01 Sep Procedural deviation
There is a figure that, although it does not fit into the Law of the Contentious-Administrative Jurisdiction, due to its doctrinal elaboration, causes the clearest fear in the Lawyers of this Jurisdiction: inadmissibility.
Fear that turns into sadness, not for being defeated in our legal arguments, but for not being able to enter the field of play when a strategy has been designed with great care, since it is not going to get to the bottom of the matter.
We deal with the little-known figure of procedural deviation. Figure that does not admit correction and that is closely related to the principle of unity of content of the jurisdictional instance.
We speak of procedural deviation when the formulation of the claims that are going to be discussed in court have not been raised before in administrative proceedings, so that normally the other party, the Administration, has not been able to rule on them. In the words of the Supreme Court itself:
“… there is a procedural deviation, which determines the inadmissibility of the appeal, when there is a substantial divergence between the writ of filing and the plea of the claim, since acts or provisions are included in the latter, to which the challenge has not referred in the former.”

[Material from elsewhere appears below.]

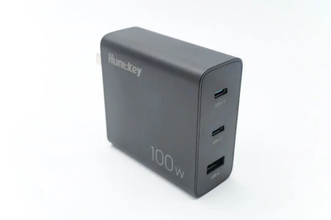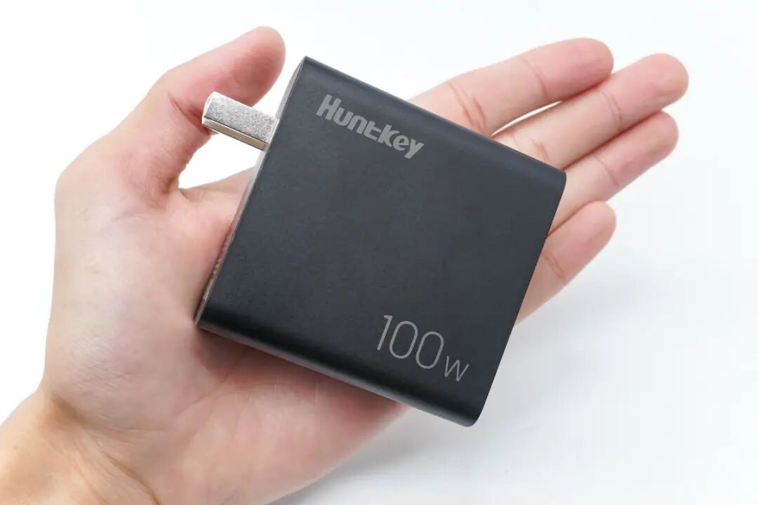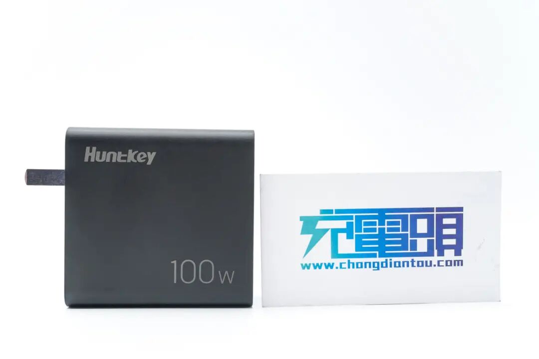 航嘉100W氮化镓双认证安全快充正面相当简洁,Huntkey+100W 的字样表面真身。

STS of 05.10.2010, 01.04.2011, 01.24.2011, 01.15.2018, among others.
This deviation or inconsistency should not be confused with a simple error or with the inclusion of new legal reasons, possible in this jurisdictional order.
It is in the most important procedural moments for the Lawyer, where we should not be surprised by the inadmissibility of the Lawyer of the Administration of Justice or his appraisal ex officio by the Judge. The request in administrative proceedings, the writ of interposition, the writ of demand and the process of conclusions, are the stages through which the claim is raised and where the object of the debate should not change.